## PROVIDED RECORDS
----

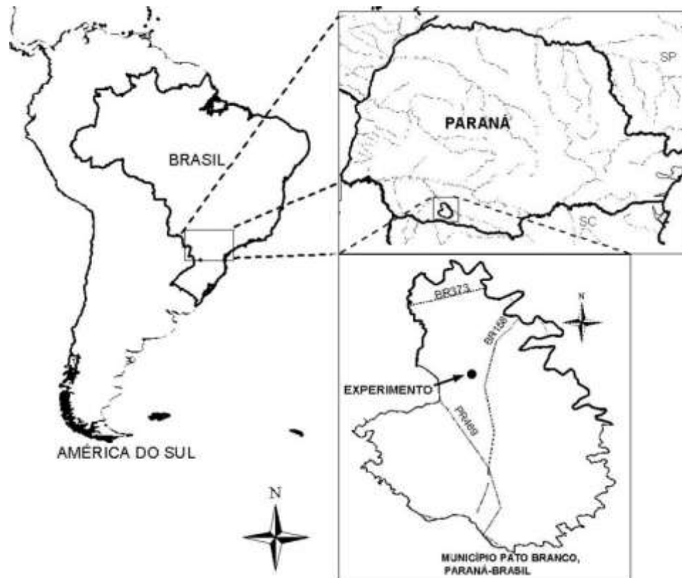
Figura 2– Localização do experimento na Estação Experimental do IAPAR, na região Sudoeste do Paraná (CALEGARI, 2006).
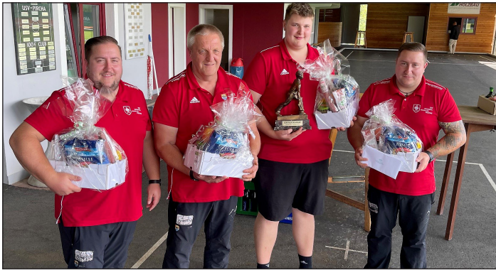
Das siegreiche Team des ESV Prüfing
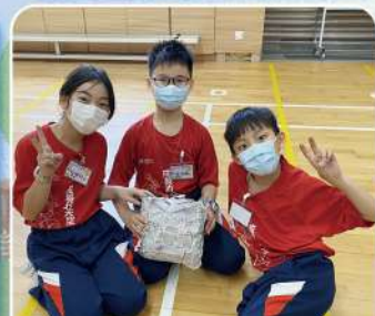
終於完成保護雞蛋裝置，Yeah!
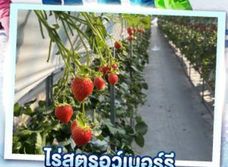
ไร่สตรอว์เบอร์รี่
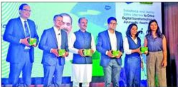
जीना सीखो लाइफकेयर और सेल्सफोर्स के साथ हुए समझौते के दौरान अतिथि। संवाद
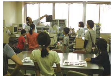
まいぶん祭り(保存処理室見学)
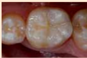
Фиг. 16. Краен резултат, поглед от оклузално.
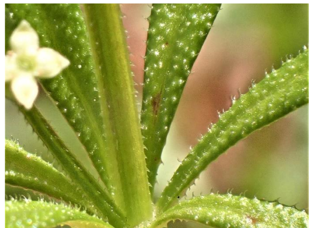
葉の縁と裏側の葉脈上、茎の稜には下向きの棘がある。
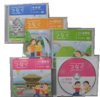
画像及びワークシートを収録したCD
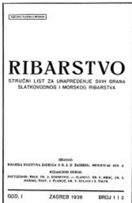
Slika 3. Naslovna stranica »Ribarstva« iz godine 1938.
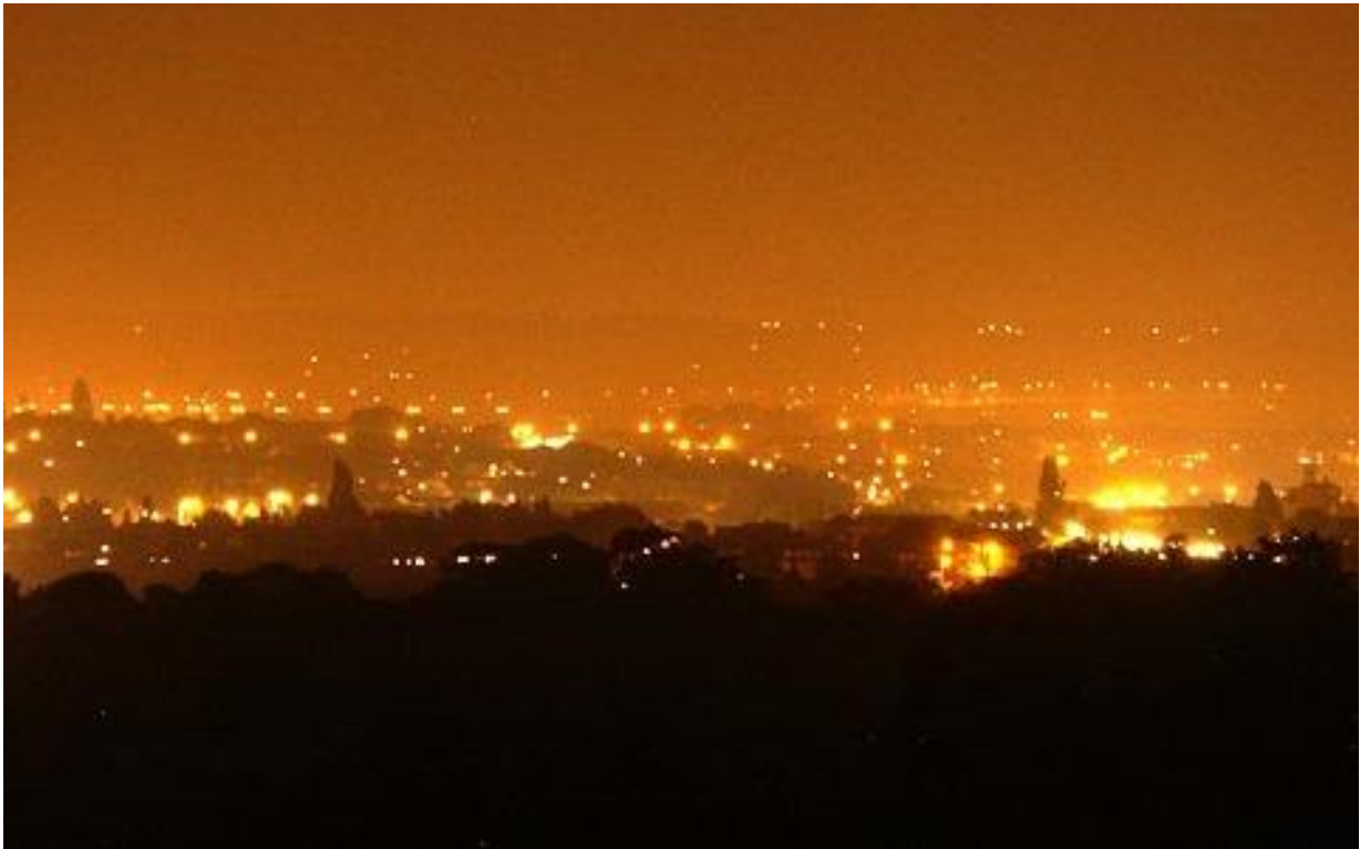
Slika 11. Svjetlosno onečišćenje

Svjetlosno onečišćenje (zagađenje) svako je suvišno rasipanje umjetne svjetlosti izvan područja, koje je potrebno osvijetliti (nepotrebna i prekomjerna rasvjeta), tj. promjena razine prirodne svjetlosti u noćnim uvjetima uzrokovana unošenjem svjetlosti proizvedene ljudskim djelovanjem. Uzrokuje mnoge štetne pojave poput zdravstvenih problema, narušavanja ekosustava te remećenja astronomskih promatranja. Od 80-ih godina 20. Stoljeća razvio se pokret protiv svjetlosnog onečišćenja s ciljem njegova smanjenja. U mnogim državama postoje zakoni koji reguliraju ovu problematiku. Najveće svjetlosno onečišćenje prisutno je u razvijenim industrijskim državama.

----

Text only, no pictures: please print exactly the lines above from the line with "画像及びワークシートを収録したCD" up to and including the line with "Slika 11. Svjetlosno onečišćenje", and nothing else.

画像及びワークシートを収録したCD
Slika 3. Naslovna stranica »Ribarstva« iz godine 1938.
Slika 11. Svjetlosno onečišćenje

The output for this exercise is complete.